This is where the confusion lies. Do I try and try, to make him like me back? Or do I resign and take my place as the friend who will always be, just-a-friend. Am I ready to wave the white flag and surrender to this game, this challenge? Or do I fight to win?
A friend suggested playing 'hard-to-get' but what if one plays so hard-to-get, that the other person just sees them as cold and bitter? Shouldn't I just 'play' me? But something about him.. His gaze.. It's so hard to be me when he's around, I mumble incoherently and babble like a baby just learning its' first words.

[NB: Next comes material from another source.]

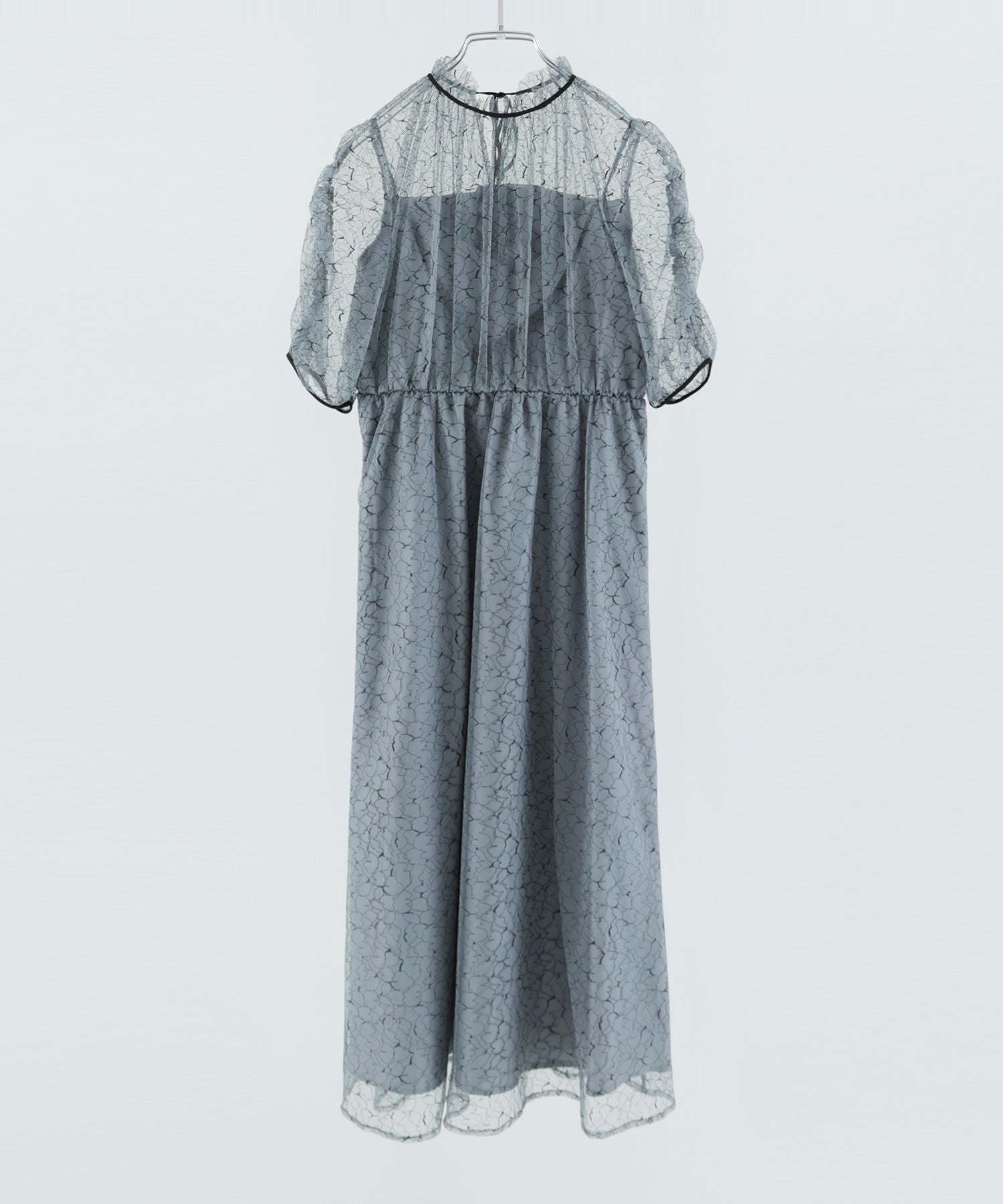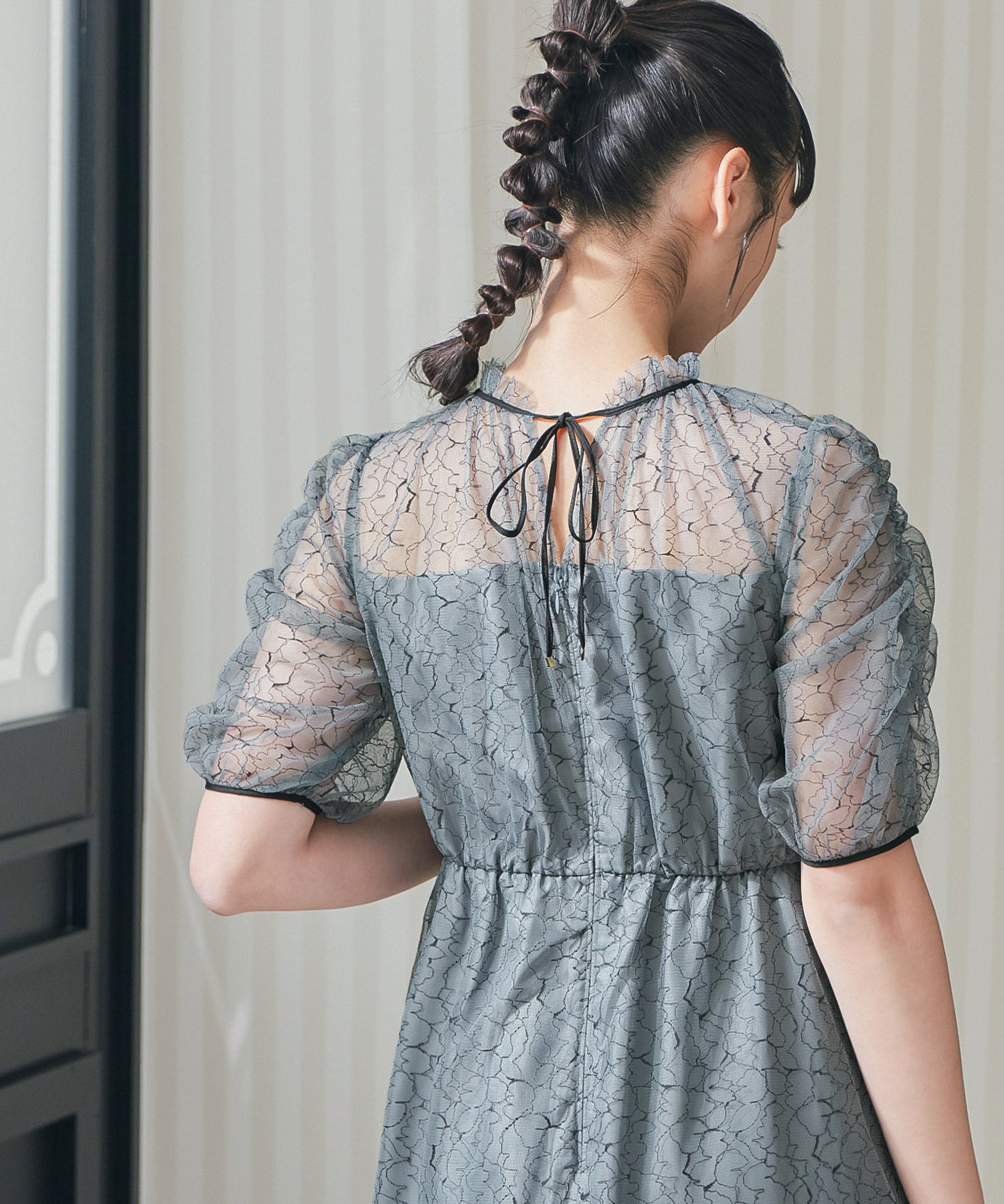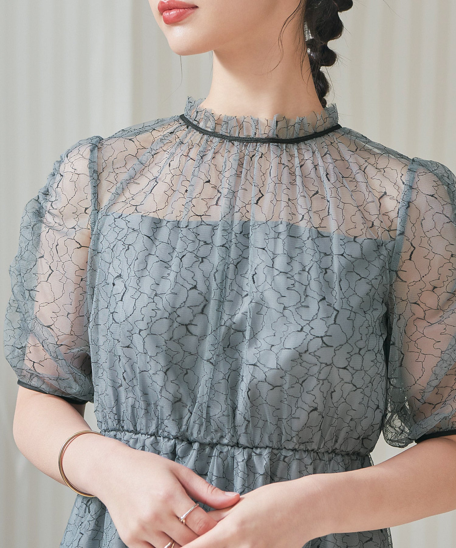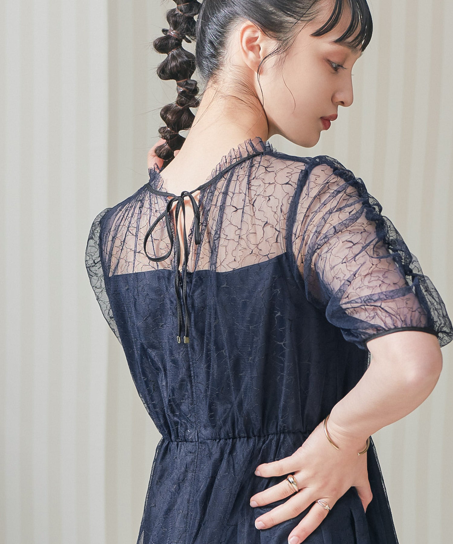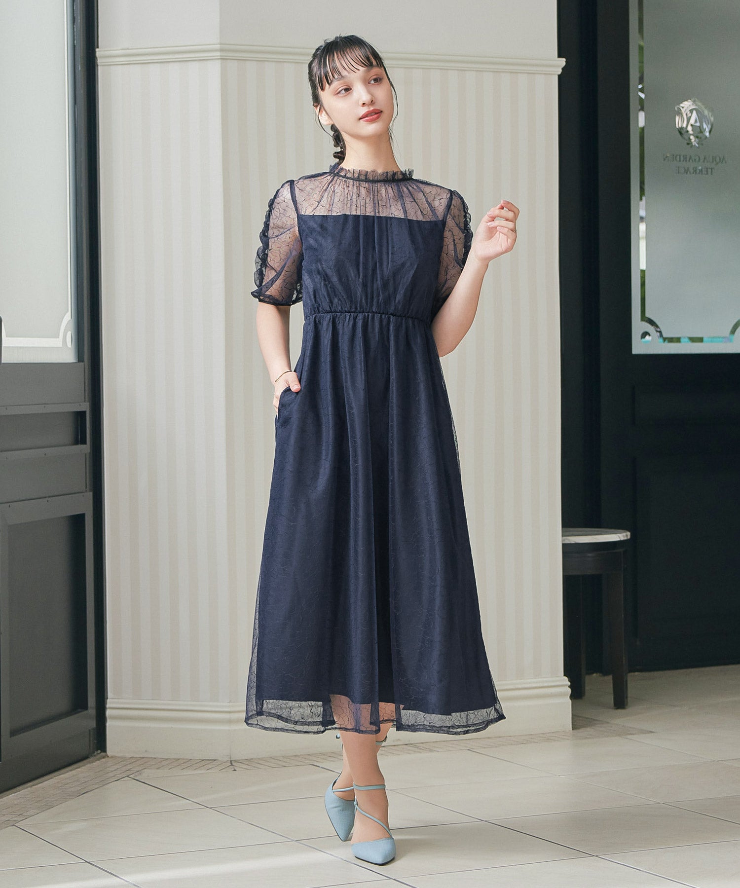 配色レースとギャザーをミックスしたほどよいバランス感が絶妙に大人可愛いパーティードレス。

What is this? Who am I? I am a calculated, skeptical and independent woman that relish's in the idea of success and achievement. I love order. But nothing about how I feel or my confusion is logical. It can't be argued for or against like a case study nor can it be reasoned. If only Einstein came up with an equation for the laws of attraction like that of energy. Attraction=mc². Ahhh that's better. But then I think, how dull would life be, if every problem had a solution or an equation to solve it. One of the beauties of life, is the mysteries it holds... Then again, life would be simpler if he felt the same. Like a checklist, I could tick of one of the problems from my list of daily hassles.
Would I be at my most content if he reciprocated my emotions? Or if these emotions of infatuation, attraction and lust didn't exist? It's not being out of love which is confusing or displeasing but as Romeo quoted 'Out of her favour, where I am in love'.